Henry Handel Richardson's The Fortunes of Richard Mahony, a trilogy originally published between 1917 and 1929, seems, at first glance, deceptively Victorian. Set in Australia during the gold rush of the mid-nineteenth century, the three novels trace the rise and fall of the title character against the backdrop of colonial expansion (and, indeed, contraction). Mahony, an Irish expatriate, struggles to establish himself as, first, a shopkeeper, then, a doctor (as per his training); he marries, plays the stock market, and slowly rises up the colonial social ladder. But he suffers from incurable wanderlust, both literal and figurative. Worse still, he swings between self-destructive optimism and equally self-destructive paranoia, and the latter trait consigns him to a madhouse in the third volume, Ultima Thule. He is, in many ways, a profoundly unlikeable character throughout, whether it's his priggishness in the beginning or his overwhelming selfishness in the end. Richardson identifies Richard Mahony with the sea, both because it is eternally in motion and because it is "between" homes--Australia and Britain--rather than a home itself.
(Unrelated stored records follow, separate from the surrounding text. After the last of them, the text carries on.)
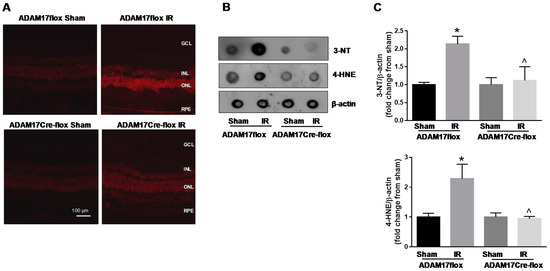 The generation of excessive reactive oxygen and nitrogen species (ROS and RNS, respectively) is a critical primary event mediating retinal IR-induced injury [13,38]. To understand whether the protective effects of loss of endothelial ADAM17 in the IR-injured retina are associated with reduction in oxidative stress, we compared intracellular superoxide formation in retinal cryosections of ADAM17flox and ADAM17Cre-flox mice using cell-permeable redox-sensitive probe dihydroethidium (DHE). The retinas from sham-operated ADAM17flox and ADAM17Cre-flox mice exhibited low levels of detectable ROS (Figure 6A). Following 6 h of reperfusion, DHE fluorescence increased in retinas of ADAM17flox mice and this effect of IR was significantly reduced in ADAM17Cre-flox mice indicating an attenuation of retinal superoxide levels in these mice (Figure 6A). Overproduction of ROS and RNS can lead to modifications of cellular molecules resulting in formation of 3-nitrotyrosine (3-NT) and 4-hydroxynonenal (4-HNE). Dot blot analysis showed a marked increase of both 3-NT and 4-HNE in IR-injured retinas of ADAM17flox mice 6 h after reperfusion (Figure 6B,C). Endothelial ADAM17 knockdown prevented the increase of both these markers in injured retinas of ADAM17Cre-flox mice (Figure 6B,C).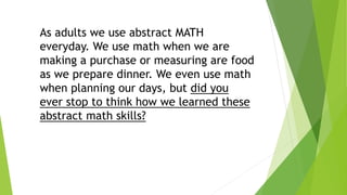 The document discusses how early learners begin to develop foundational math skills like counting, shapes, and time through exploring their world and everyday materials. It emphasizes that early math learning should be integrated into play and other activities rather than isolated skill-building. Some key early math skills mentioned include understanding size, shape, patterns, counting, recognizing numbers, and comparing quantities. The document stresses the importance of facilitating early learners' development through providing accessible, culturally-inclusive materials and making real-world connections to topics.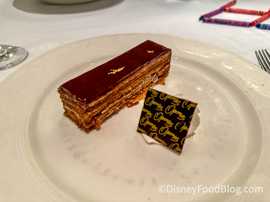 Now for the moment you’ve all been waiting for — dessert! We kicked things off with the Grand Marnier Souffle, and we’re so happy we did. Speaking of souffles, they’re quite a challenge for most to make at home and it doesn’t appear on many restaurant menus, which is why we prioritize getting a souffle on a cruise when possible because of its uniqueness. Now, this one wasn’t the greatest ever (a bit eggy), but overall, we’re still happy with this pick. The creme anglaise and the citrusy Grand Marnier flavors were definite favorites of ours.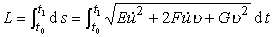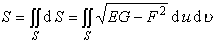 ds2=Edx22fdxdy+Gdy2 式中    E=1+    F=    G=1+ ds为点M(x,y,z)处的弧的微分,ds2称为第一基本二次型,E,F,G称为第一基本量    ds2= 式中 E= F= G= 第一基本量E,F,G都在点M处取值. 曲面上每点(奇点除外)的第一基本二次型是正定的,即 E>0,G>0,EG-F2>0  |

The trilogy's truly heroic figure is not Mahony but his wife, Mary. A timid teenager at the time of her marriage, at first unquestioningly devoted to her husband, Mary becomes an iron woman. In the face of her husband's inability to deal with other human beings, she learns how to conciliate his clients, manage his household, and negotiate their increasingly tricky financial straits. At the same time, she also finds herself imprisoned by a very "Victorian" domestic ideology, parts of which she accepts without question, parts of which actually destroy the family (most notably, Richard's attempts to keep business matters strictly within his own purview). While Mary is hardly perfect--she lacks imagination and doesn't seem to understand her children, especially her son--she nevertheless wrestles with life in a way that Richard conspicuously does not. The reader notes a certain irony at the expense of stereotypical gender roles: Richard's attempts to keep a firm hold on his gentlemanly public role backfire rather spectacularly, while Mary's determination to salvage her family eventually forces her into white-collar work. If Richard is the sea, Mary--who keeps trying to put down roots--is the land.

Readers of nineteenth-century fiction will recognize a number of key themes: the quest for gentility; the concept of national identity (which Richardson usually addresses figuratively, instead of directly); the figure of the "self-made man"; the collapse of religious certainties in the age of Darwin and the spiritualists; the dangers of the stock market; the possibilities of free agency versus unfeeling forces beyond one's control. And Richardson's novel is almost perfectly linear in structure. But the reader soon realizes that Richardson articulates almost the entire narrative through free indirect discourse. In other words, there's virtually no "objective" perspective on the story's events: everything is subtly shaded by Richard's perspective, or Mary's, or their son Cuffy's. (Other characters occasionally float in as well.) Richardson's approach draws our attention to the psychological territory of Australia, as well as to its often forbidding landscapes.